Healthcare-associated infection trends in Chilean hospitals
Abstract:
Background: Healthcare-associated infections remain a major patient safety challenge in hospital settings. Surveillance systems provide monitoring, but few studies integrate long-term trends in infection risk and outcomes with measures of system capacity and emergency investment.
Methods: We conducted a descriptive analysis of national HAI surveillance data from Chilean public hospitals spanning 2017-2022, reported in accordance with STROBE guidelines. Indicators included HAI prevalence, device utilization ratios, incidence densities for ventilator-associated pneumonia (VAP), central line-associated bloodstream infection (CLABSI), and catheter-associated urinary tract infection (CAUTI), VAP case fatality rates, and outbreak reports. Emergency health investment data were integrated to explore temporal patterns before, during, and after the COVID-19 pandemic.

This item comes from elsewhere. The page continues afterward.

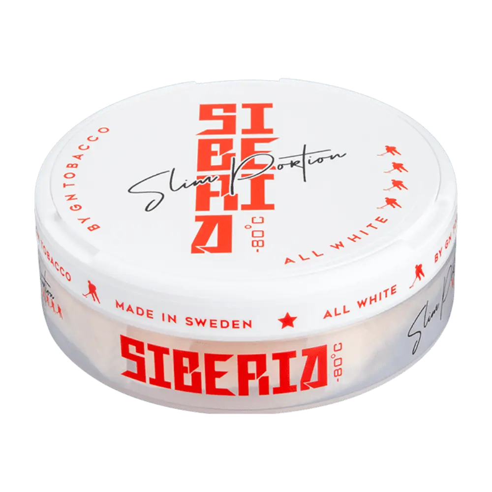 Siberia -80 Slim: Siberia -80 Slim är ett kraftfullt och intensivt helvitt snus som innehåller hela 43 mg/g nikotin, vilket gör det till en av de starkaste snusprodukterna på marknaden. Påsarna är smala, diskreta och torra vid beröring, vilket ger en långvarig och stimulerande nikotinupplevelse utan några tobakssmaker eller fläckar. Siberia -80 Slim är ett perfekt val för erfarna snusare som vill tänja på sina gränser. NIKOTINSTYRKA: 33mg/g
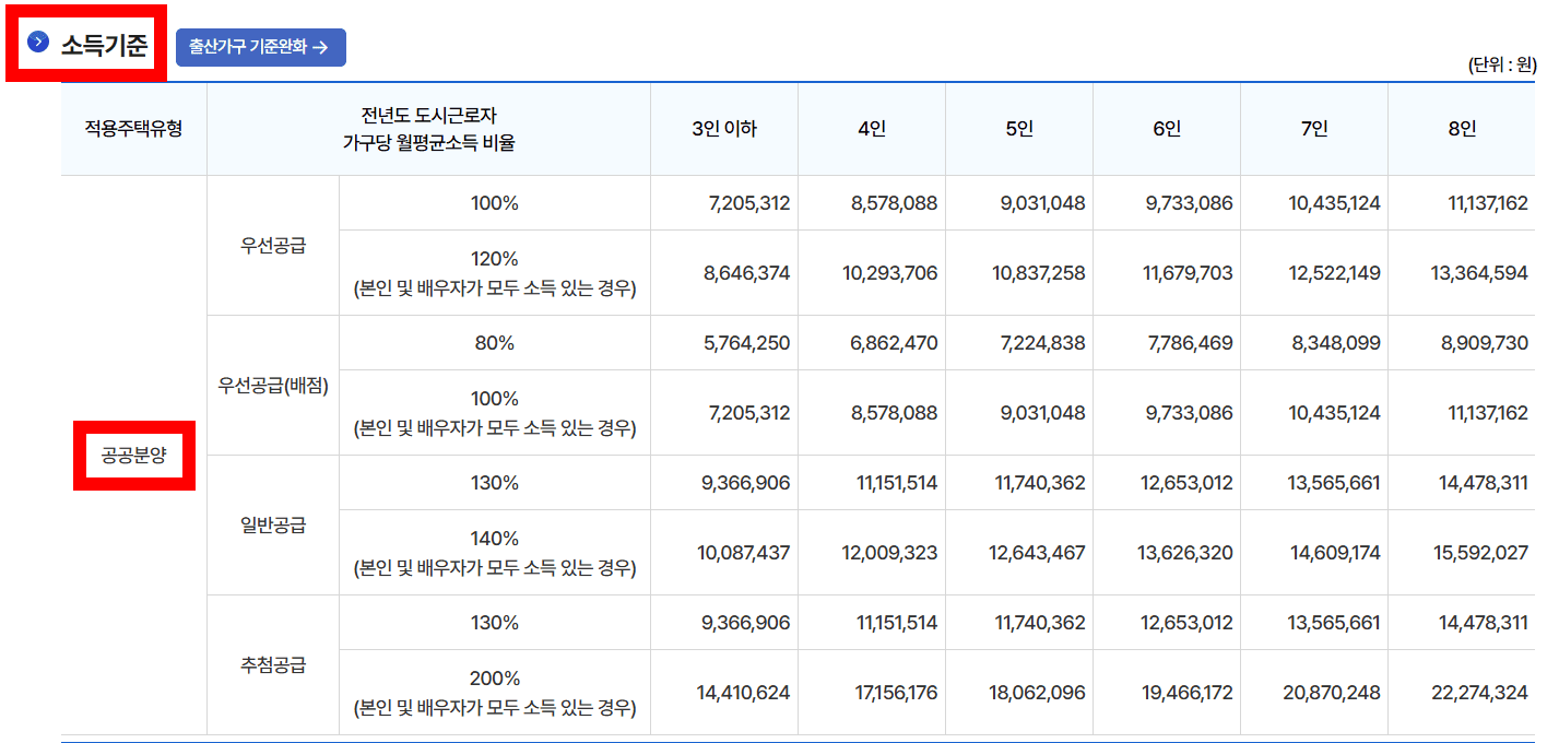 | 소득 기준 | 공공주택: 도시근로자 월평균 소득 140% 이하(맞벌이 200% 이하)로 완화 |

Results: HAI prevalence remained stable over six years. However, device utilization increased during 2020-2021, with corresponding rises in device-associated infection rates, particularly VAP. VAP case fatality rates increased in 2020-2021, reversing pre-pandemic declines. Periods of rapid expansion in critical care capacity coincided with higher outbreak reports.
Conclusions: During the COVID-19 pandemic, device-associated infections and infection-related severity increased despite stable HAI prevalence. By linking surveillance data with indicators of system capacity and emergency investment, this study helps explain how large-scale system disruptions affect infection risk and patient outcomes. Strengthening infection prevention alongside surge planning remains essential.
Reference:
Lara C, Kappe M, Chandia P, Osorio K, Ferreira-Umpiérrez FU, Brotons de Los Reyes P. Six-Year Trends in Healthcare-Associated Infections in Chilean Hospitals: A National Surveillance Analysis (2017-2022). Am J Infect Control. 2026 Apr 21:S0196-6553(26)00405-0. doi: 10.1016/j.ajic.2026.04.002. Epub ahead of print. PMID: 42025849.